- **Activity**: Only the lines from the one holding "MyTrade is a" to the end of the data should be echoed, exactly as they appear, minus the pictures.

[Opening Information shown section]

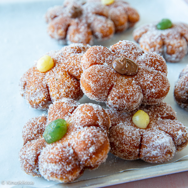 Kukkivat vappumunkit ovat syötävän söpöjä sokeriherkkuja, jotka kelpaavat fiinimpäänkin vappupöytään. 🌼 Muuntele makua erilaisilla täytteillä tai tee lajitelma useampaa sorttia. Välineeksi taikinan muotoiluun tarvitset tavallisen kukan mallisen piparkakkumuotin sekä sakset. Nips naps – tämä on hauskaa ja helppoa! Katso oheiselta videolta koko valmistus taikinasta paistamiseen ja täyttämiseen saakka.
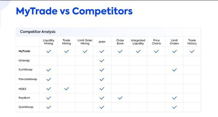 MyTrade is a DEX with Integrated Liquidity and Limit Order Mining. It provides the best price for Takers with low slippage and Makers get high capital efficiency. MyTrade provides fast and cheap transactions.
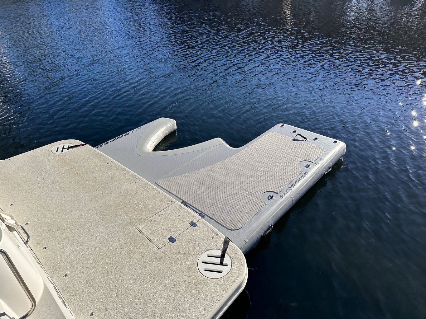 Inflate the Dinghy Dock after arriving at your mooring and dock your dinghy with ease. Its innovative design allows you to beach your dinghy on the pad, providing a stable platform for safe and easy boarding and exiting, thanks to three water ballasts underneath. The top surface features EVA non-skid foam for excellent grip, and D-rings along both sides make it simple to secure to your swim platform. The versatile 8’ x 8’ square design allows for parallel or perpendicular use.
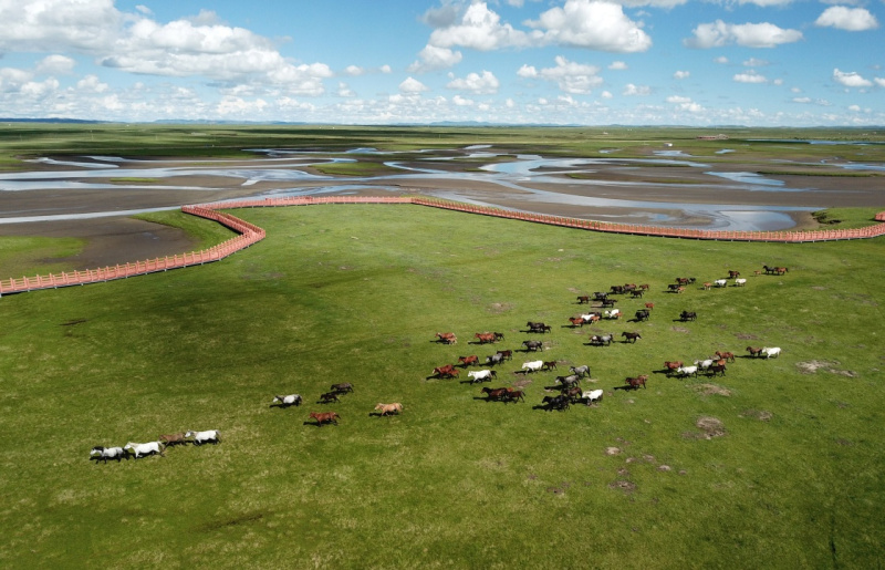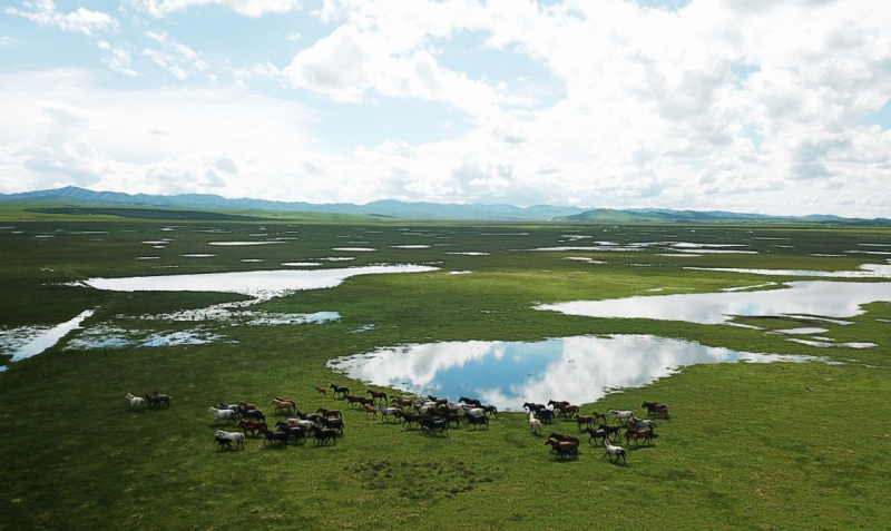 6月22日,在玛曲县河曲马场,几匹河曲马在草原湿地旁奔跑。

[Closing Information shown section]

- **Reply**:
 MyTrade is a DEX with Integrated Liquidity and Limit Order Mining. It provides the best price for Takers with low slippage and Makers get high capital efficiency. MyTrade provides fast and cheap transactions.
 Inflate the Dinghy Dock after arriving at your mooring and dock your dinghy with ease. Its innovative design allows you to beach your dinghy on the pad, providing a stable platform for safe and easy boarding and exiting, thanks to three water ballasts underneath. The top surface features EVA non-skid foam for excellent grip, and D-rings along both sides make it simple to secure to your swim platform. The versatile 8’ x 8’ square design allows for parallel or perpendicular use.
 6月22日,在玛曲县河曲马场,几匹河曲马在草原湿地旁奔跑。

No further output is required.